SpreadSheet Munging Strategies in Python - Small Multiples

SpreadSheet Munging Strategies in Python - Small Multiples#

Small Multiples#

updated : April 14, 2022

This is part of a series of blog posts about extracting data from spreadsheets using Python. It is based on the book written by Duncan Garmonsway, which was written primarily for R users. LInks to the other posts are on the homepage.

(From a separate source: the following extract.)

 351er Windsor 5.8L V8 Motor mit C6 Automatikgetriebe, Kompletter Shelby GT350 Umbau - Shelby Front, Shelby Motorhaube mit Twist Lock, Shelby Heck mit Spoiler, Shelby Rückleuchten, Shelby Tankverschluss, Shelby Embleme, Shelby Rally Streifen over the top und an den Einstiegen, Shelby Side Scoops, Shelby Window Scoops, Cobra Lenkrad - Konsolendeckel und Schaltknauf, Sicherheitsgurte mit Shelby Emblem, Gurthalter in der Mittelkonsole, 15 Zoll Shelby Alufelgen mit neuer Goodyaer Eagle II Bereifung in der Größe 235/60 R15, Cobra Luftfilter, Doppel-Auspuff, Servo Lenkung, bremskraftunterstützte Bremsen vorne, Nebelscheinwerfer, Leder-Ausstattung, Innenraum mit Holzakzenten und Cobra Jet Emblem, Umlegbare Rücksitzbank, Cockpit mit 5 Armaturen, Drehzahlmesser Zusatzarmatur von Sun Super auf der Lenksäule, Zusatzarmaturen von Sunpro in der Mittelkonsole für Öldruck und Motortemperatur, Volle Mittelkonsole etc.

Small multiples refer to mini tables embedded in a spreadsheet, or multiple spreadsheets. Ideally, this tables should be lumped into one dataframe for meaningful analysis. The examples below show different scenarios and how we can reshape the data

Case 1 : Small Multiples with all Headers Present for Each Multiple#

In this spreadsheet, each table is a separate subject. It would be better to aggregate all the subjects and underlying data into one table.

import pandas as pd
import janitor
import numpy as np

excel_file = pd.ExcelFile("Data_files/worked-examples.xlsx", engine='openpyxl')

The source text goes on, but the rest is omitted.